Os data centers deixaram de ser apenas estruturas de tecnologia da informação para se tornarem a espinha dorsal da sociedade digital. Hospitais, tribunais, sistemas de segurança pública e administração tributária dependem diretamente deles.
Por isso, cresce o debate jurídico sobre tratá-los como infraestrutura essencial, exigindo regras claras de regulação, sustentabilidade e soberania digital para garantir eficiência, segurança e interesse público.

O papel dos data center na sociedade digital
Os data centers são instalações físicas ou virtuais que abrigam servidores, sistemas de armazenamento e de rede, além de infraestrutura elétrica e de resfriamento, responsável pelo armazenamento, processamento e distribuição de dados essenciais para diversos setores.
Importância para serviços públicos
Essas estruturas formam a espinha dorsal da sociedade digital, sustentando serviços como prontuários eletrônicos em hospitais, sistemas judiciais e administrativos em tribunais, bases de segurança pública e dados tributários governamentais. A interrupção desses centros pode comprometer operações essenciais e prejudicar o atendimento à população.
Comparação com setores essenciais de infraestrutura tradicionais
Modernamente, data centers têm sido reconhecidos como infraestrutura essencial, equiparando-se a setores como energia, água, transportes e telecomunicações.
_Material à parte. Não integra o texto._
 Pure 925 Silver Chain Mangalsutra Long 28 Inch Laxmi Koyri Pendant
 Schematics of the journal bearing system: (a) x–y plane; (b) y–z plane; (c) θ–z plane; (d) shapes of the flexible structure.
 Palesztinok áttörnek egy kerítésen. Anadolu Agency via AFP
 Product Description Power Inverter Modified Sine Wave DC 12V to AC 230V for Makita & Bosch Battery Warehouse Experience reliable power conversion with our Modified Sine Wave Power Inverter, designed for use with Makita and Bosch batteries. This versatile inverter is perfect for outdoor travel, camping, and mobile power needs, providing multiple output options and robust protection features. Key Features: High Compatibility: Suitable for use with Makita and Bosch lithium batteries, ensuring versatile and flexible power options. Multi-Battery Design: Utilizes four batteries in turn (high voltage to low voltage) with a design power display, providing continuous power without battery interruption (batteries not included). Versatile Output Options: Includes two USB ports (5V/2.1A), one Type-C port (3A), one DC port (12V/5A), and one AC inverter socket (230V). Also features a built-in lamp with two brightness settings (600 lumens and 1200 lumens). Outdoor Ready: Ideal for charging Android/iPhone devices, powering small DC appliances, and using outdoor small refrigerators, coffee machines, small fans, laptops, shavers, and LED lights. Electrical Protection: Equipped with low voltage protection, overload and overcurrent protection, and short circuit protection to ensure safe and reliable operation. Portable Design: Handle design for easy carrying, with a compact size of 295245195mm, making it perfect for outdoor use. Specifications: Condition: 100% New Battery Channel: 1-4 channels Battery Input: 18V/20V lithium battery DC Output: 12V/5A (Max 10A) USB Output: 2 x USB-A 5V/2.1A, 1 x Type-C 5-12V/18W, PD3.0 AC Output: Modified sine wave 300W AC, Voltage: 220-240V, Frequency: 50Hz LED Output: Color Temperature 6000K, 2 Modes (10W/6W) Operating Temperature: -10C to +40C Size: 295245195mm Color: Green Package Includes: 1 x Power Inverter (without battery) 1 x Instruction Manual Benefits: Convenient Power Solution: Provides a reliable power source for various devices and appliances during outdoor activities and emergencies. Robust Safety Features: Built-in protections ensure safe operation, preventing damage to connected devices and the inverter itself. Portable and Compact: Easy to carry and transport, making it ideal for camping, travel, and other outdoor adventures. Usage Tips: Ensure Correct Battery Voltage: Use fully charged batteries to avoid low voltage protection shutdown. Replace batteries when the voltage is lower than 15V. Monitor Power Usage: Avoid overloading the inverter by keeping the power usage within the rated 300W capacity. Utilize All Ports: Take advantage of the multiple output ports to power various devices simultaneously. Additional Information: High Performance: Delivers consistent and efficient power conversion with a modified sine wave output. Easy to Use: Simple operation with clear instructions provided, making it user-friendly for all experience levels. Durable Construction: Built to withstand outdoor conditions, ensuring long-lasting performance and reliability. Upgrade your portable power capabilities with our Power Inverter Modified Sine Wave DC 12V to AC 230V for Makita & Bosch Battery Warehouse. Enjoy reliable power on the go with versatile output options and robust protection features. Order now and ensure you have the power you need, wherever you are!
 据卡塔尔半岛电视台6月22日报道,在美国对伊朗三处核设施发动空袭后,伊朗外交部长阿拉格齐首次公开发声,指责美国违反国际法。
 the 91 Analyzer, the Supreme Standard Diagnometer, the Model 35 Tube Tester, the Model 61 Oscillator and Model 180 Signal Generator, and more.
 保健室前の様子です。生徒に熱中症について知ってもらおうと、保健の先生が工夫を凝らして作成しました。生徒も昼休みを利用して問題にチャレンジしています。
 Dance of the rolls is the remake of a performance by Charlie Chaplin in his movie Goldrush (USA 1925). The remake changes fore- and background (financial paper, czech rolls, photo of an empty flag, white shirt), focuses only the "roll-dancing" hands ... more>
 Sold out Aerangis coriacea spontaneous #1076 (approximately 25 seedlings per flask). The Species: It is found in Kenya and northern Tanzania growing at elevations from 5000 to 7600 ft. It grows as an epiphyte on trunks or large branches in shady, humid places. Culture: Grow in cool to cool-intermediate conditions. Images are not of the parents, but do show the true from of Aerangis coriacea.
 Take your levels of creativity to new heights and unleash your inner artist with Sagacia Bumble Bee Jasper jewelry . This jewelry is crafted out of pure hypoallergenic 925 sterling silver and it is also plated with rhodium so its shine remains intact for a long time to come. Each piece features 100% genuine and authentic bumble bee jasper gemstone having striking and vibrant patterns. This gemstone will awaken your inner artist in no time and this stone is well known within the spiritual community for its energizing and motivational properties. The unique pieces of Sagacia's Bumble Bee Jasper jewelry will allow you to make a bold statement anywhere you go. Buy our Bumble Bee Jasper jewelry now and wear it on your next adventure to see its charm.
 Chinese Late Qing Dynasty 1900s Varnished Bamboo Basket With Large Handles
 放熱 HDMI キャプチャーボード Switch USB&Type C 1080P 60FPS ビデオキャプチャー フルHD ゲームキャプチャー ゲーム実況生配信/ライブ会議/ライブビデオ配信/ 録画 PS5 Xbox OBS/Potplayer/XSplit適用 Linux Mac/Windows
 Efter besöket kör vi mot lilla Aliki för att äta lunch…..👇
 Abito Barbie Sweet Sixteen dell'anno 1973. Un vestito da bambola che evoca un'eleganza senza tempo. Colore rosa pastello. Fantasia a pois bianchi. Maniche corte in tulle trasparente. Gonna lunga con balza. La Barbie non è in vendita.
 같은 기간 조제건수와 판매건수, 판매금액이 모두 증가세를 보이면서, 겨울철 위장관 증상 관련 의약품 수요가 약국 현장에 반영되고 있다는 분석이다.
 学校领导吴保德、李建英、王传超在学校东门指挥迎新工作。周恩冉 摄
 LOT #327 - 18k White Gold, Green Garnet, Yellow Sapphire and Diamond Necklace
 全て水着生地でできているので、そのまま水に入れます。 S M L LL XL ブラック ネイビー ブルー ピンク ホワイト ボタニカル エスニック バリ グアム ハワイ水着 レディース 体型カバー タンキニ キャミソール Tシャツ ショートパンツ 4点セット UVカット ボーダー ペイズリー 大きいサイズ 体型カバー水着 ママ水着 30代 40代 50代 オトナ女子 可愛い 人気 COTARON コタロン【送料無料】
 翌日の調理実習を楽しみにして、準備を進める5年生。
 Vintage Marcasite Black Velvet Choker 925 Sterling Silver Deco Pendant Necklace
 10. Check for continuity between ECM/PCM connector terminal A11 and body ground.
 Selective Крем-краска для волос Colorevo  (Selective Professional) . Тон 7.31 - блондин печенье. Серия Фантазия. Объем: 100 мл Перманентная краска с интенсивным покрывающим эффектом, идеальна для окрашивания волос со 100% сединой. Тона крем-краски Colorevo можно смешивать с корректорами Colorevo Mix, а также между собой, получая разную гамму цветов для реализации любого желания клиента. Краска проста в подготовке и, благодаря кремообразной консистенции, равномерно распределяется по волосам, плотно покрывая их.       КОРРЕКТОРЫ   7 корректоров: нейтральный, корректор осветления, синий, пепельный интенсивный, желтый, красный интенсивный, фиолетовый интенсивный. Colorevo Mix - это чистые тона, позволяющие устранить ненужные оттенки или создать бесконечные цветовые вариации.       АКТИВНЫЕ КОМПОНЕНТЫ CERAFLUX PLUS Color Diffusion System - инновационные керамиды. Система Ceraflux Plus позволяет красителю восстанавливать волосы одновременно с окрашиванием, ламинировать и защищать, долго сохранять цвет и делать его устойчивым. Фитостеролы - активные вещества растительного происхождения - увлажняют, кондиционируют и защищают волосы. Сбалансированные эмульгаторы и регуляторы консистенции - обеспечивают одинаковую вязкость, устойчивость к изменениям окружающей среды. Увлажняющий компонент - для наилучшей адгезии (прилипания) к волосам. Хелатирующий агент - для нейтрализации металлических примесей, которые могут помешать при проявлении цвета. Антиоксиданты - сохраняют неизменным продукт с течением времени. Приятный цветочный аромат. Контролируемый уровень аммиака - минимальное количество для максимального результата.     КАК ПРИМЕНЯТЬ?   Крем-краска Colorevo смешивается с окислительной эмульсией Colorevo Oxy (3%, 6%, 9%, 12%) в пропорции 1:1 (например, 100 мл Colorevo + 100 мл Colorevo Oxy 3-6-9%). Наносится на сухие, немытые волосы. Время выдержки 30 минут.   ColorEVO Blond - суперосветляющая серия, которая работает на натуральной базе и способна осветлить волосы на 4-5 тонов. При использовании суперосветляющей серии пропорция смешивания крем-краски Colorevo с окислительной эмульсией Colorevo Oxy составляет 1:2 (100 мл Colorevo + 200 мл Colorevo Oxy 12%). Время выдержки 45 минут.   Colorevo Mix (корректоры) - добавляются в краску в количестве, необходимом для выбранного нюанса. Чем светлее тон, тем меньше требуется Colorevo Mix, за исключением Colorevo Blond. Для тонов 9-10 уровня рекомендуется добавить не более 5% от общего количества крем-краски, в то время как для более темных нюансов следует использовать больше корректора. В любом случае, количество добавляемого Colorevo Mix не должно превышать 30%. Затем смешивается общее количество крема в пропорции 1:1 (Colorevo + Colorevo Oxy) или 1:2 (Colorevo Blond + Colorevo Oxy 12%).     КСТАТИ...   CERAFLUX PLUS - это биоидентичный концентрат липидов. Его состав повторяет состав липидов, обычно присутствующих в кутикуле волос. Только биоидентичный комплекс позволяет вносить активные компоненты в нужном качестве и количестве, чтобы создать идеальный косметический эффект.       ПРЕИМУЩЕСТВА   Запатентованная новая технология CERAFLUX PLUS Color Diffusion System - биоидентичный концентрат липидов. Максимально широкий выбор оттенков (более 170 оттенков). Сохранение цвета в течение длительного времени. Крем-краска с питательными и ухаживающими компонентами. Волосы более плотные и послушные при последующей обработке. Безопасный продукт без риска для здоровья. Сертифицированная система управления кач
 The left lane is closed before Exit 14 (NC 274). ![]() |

Diferentemente dessas infraestruturas físicas, os centros de dados demandam alta densidade tecnológica, conectividade e eletricidade redundante, além de questões específicas de segurança digital e soberania de dados.
Data centers como infraestrutura essencial e estratégica
No Direito Administrativo, infraestrutura essencial refere-se a bens ou serviços imprescindíveis para a continuidade das funções estatais e bem-estar coletivo. O conceito inclui rodovias, energia, água, telecomunicações e, crescentemente, data centers, dada sua relevância para operações vinculadas à saúde, segurança pública, energia e justiça.
Diante dessa importância, há forte argumento para que os data centers sejam enquadrados como infraestrutura estratégica. Essa classificação reconhece a centralidade dos centros de dados no funcionamento do Estado moderno e reflete a necessidade de regulação robusta, proteção soberana dos dados e controle sobre seu funcionamento.
A discussão jurídica envolve principalmente três perspectivas complementares:
- O atendimento ao interesse público e continuidade dos serviços essenciais;
- A segurança nacional, diante do risco de dependência tecnológica ou controle por entidades estrangeiras; e
- A soberania digital, que exige garantia de localização segura dos dados sensíveis e compliance com a LGPD.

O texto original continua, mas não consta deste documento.